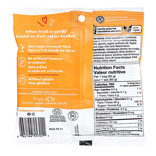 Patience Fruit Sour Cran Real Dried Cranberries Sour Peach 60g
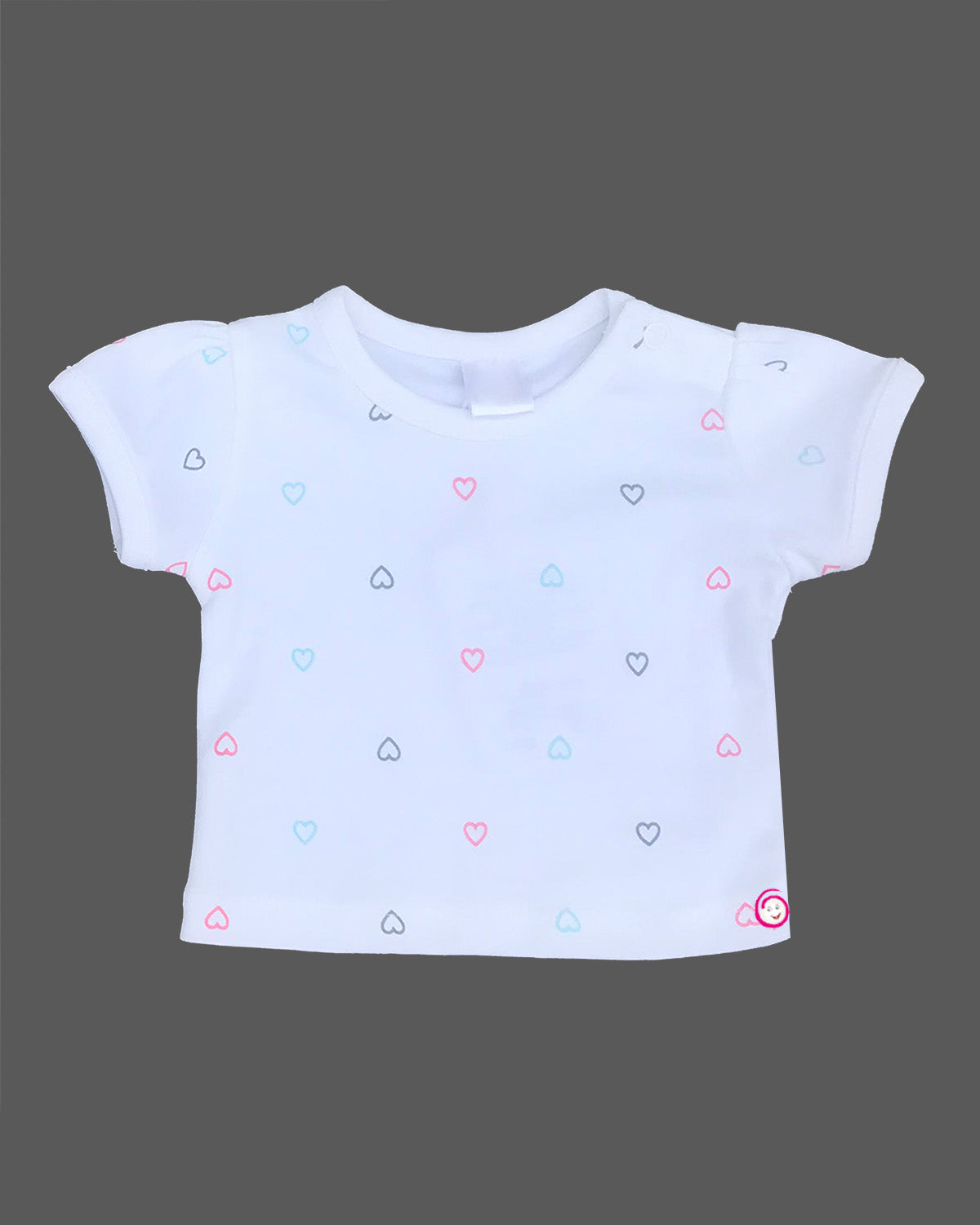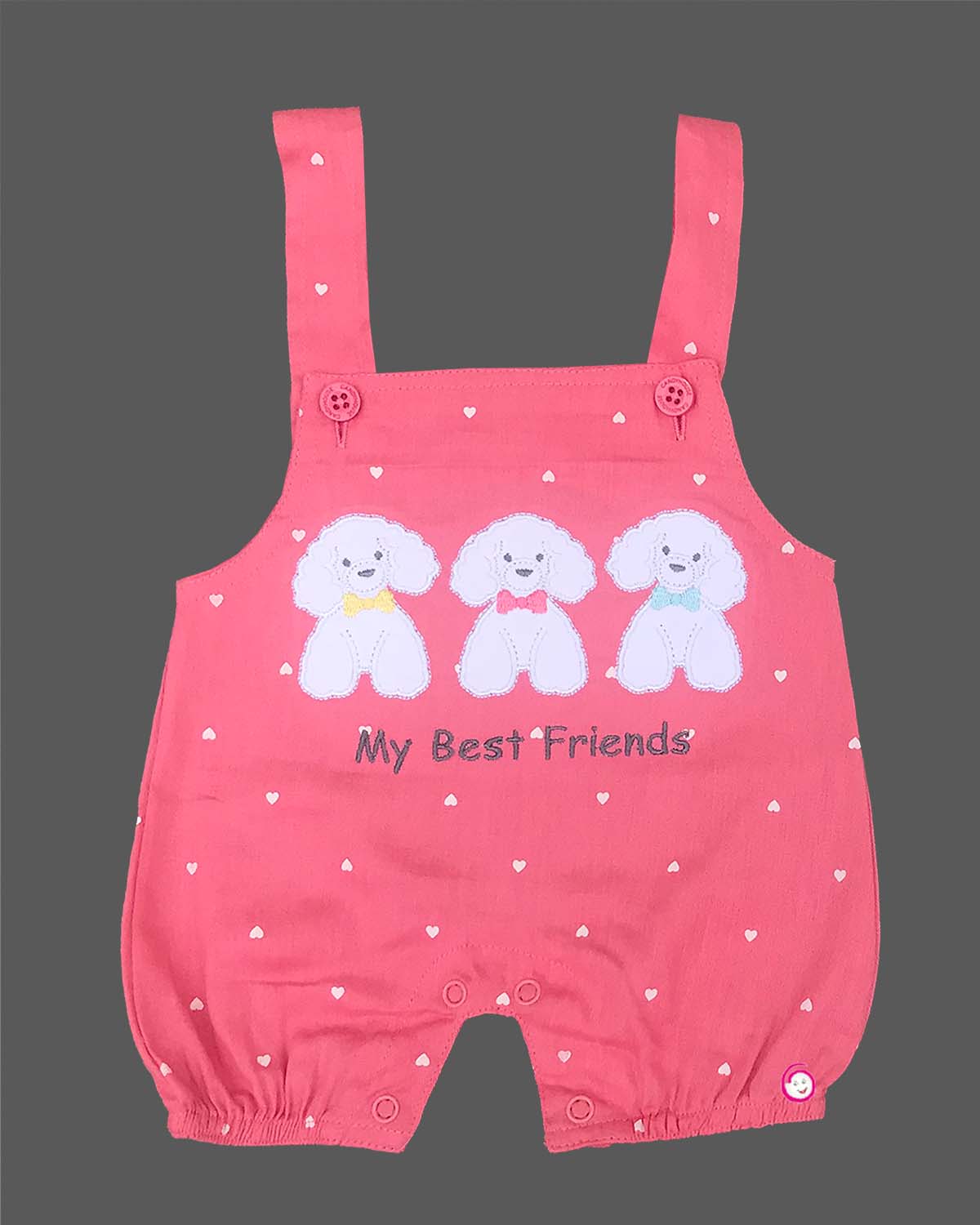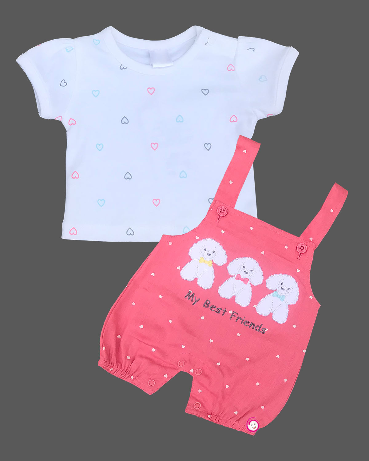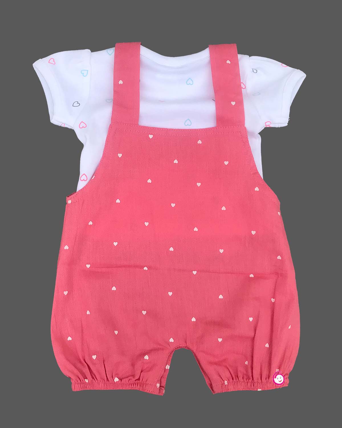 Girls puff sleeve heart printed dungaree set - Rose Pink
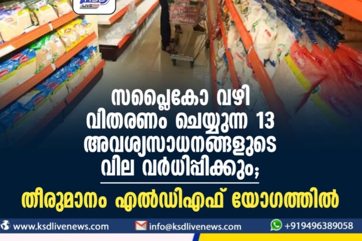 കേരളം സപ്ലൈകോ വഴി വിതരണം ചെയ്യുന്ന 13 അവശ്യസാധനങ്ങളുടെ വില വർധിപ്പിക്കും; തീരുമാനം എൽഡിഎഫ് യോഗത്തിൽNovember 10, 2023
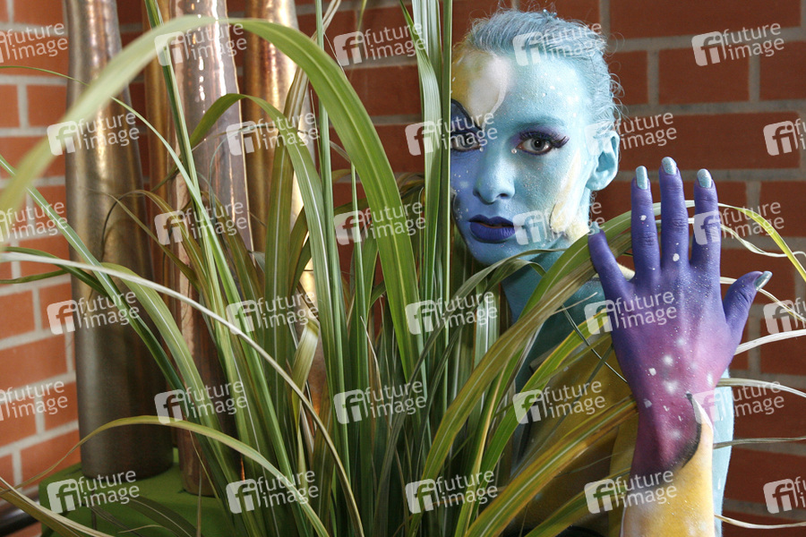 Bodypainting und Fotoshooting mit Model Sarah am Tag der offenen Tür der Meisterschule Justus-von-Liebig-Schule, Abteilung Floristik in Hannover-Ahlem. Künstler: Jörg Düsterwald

> **Task goal**
Each line from the one containing "കേരളം സപ്ലൈകോ വഴി" to the final line of the data must be printed exactly, both included, with nothing else and no pictures.

> **Exercise answer**
 കേരളം സപ്ലൈകോ വഴി വിതരണം ചെയ്യുന്ന 13 അവശ്യസാധനങ്ങളുടെ വില വർധിപ്പിക്കും; തീരുമാനം എൽഡിഎഫ് യോഗത്തിൽNovember 10, 2023
 Bodypainting und Fotoshooting mit Model Sarah am Tag der offenen Tür der Meisterschule Justus-von-Liebig-Schule, Abteilung Floristik in Hannover-Ahlem. Künstler: Jörg Düsterwald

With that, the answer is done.